Acromyrmex pubescens

Scientific classification
- Kingdom: Animalia
- Phylum: Arthropoda
- Clade: Pancrustacea
- Class: Insecta
- Order: Hymenoptera
- Family: Formicidae
- Subfamily: Myrmicinae
- Genus: Acromyrmex
- Species: A. pubescens
- Binomial name: Acromyrmex pubescens (Emery, 1905)

= Acromyrmex pubescens =

- Authority: (Emery, 1905)

Species of ant

Acromyrmex pubescens is a species of leafcutter ants of the subfamily Myrmicinae.

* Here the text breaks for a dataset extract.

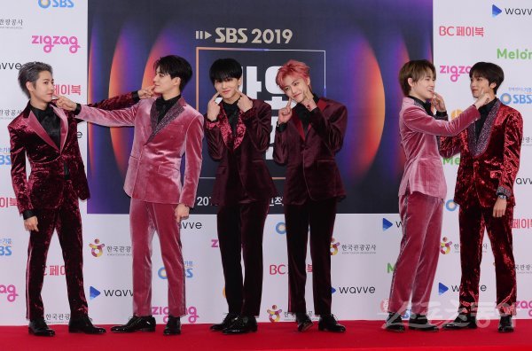 NCT드림이 25일 서울 고척스카이돔에서 열린 ‘2019 SBS 가요대전’ 포토월에서 포즈를 취하고 있다.

They are native to Paraguay, northern Argentina, and eastern Brazil.

==Taxonomy==
Acromyrmex pubescens was first described as Atta (Acromyrmex) pubescens by the Italian entomologist Carlo Emery in 1905. Starting from Felix Santschi in 1912, subsequent studies have classified it as a subspecies of Acromyrmex lundii, until a reexamination in 2007 resulted in their reclassification as a separate species. It is similar to A. lundii but has more pubescent integument.

==Ecology==
Acromyrmex pubescens, like most leafcutter ants, subsist mostly through a mutualistic relationship with fungi of the genus Leucocoprinus. They cultivate the fungi with masticated leaves taken from nearby trees. They are mostly found in isolated 'islands' of trees found in chaco savannahs.